Activity:
Wherever the line with "上海建科自主研發(fā)的數" sits in the listing below, transcribe from it up to and including the line with "İlçedeki Şehit Besim", exactly, and leave the remaining lines out.

Dataset extract:
★ ★ ★

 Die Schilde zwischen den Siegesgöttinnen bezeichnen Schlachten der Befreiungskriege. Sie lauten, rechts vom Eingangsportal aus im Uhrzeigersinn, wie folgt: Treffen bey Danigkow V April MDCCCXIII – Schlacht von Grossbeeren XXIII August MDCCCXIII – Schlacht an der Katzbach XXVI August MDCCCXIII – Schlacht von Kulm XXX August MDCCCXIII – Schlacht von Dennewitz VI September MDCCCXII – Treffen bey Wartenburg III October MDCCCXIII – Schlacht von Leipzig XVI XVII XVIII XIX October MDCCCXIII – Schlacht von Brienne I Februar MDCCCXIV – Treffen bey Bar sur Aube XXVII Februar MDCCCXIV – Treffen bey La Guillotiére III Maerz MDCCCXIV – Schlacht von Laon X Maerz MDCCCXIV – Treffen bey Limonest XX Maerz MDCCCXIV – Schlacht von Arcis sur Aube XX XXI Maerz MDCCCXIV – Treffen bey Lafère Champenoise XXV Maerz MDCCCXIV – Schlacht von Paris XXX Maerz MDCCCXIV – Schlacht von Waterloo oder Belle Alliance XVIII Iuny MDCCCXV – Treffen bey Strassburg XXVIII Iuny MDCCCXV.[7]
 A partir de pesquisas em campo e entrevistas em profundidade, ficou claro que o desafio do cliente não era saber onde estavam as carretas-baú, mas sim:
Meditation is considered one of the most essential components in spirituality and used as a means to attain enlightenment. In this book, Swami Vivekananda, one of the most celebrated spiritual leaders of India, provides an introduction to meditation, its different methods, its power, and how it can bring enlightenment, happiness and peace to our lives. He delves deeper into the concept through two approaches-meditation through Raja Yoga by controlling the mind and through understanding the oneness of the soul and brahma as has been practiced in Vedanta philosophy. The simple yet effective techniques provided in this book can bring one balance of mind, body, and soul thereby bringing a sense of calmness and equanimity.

★ ★ ★

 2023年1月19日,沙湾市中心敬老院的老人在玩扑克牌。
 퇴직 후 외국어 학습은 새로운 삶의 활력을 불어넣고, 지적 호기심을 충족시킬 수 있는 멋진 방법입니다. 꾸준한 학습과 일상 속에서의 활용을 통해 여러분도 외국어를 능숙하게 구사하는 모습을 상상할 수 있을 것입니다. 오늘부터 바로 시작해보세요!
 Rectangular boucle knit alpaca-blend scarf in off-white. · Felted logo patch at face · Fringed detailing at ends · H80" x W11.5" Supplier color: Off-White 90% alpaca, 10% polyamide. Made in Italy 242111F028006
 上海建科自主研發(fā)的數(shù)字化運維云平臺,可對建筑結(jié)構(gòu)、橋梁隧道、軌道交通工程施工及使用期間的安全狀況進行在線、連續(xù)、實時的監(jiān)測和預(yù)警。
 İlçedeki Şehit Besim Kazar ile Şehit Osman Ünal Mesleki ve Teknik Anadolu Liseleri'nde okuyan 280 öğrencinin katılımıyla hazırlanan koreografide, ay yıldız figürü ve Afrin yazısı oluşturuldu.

★ ★ ★

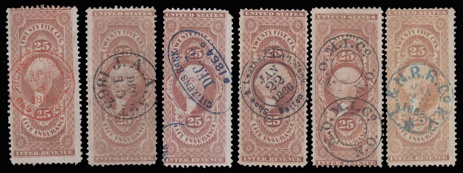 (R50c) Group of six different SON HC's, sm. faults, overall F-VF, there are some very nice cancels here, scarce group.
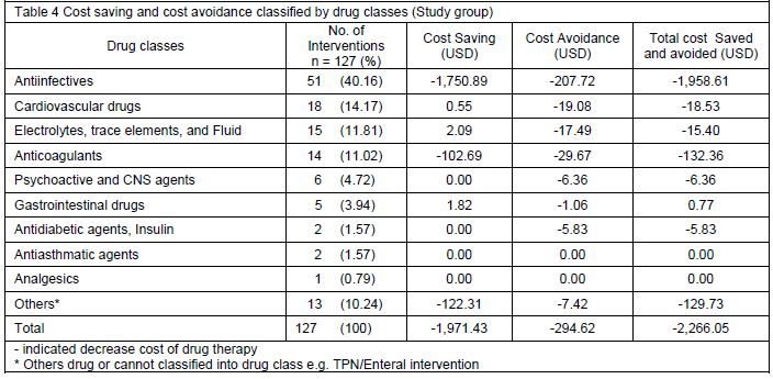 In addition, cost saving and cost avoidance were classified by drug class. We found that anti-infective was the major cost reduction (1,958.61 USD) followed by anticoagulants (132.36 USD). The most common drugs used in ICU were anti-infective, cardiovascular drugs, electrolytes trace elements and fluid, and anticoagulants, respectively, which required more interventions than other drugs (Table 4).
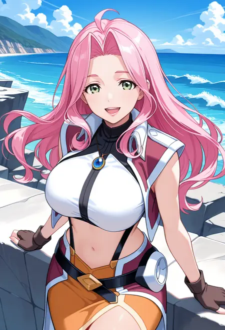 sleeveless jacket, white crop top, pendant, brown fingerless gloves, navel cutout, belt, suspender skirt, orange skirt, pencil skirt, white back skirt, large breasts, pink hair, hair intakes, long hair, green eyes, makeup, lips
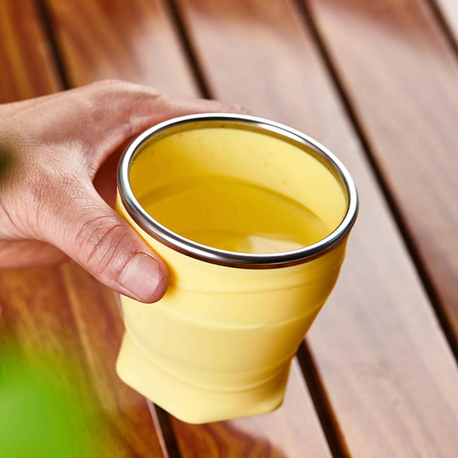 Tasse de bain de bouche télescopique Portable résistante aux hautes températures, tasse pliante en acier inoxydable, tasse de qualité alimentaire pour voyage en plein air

★ ★ ★

Solution:
 上海建科自主研發(fā)的數(shù)字化運維云平臺,可對建筑結(jié)構(gòu)、橋梁隧道、軌道交通工程施工及使用期間的安全狀況進行在線、連續(xù)、實時的監(jiān)測和預(yù)警。
 İlçedeki Şehit Besim Kazar ile Şehit Osman Ünal Mesleki ve Teknik Anadolu Liseleri'nde okuyan 280 öğrencinin katılımıyla hazırlanan koreografide, ay yıldız figürü ve Afrin yazısı oluşturuldu.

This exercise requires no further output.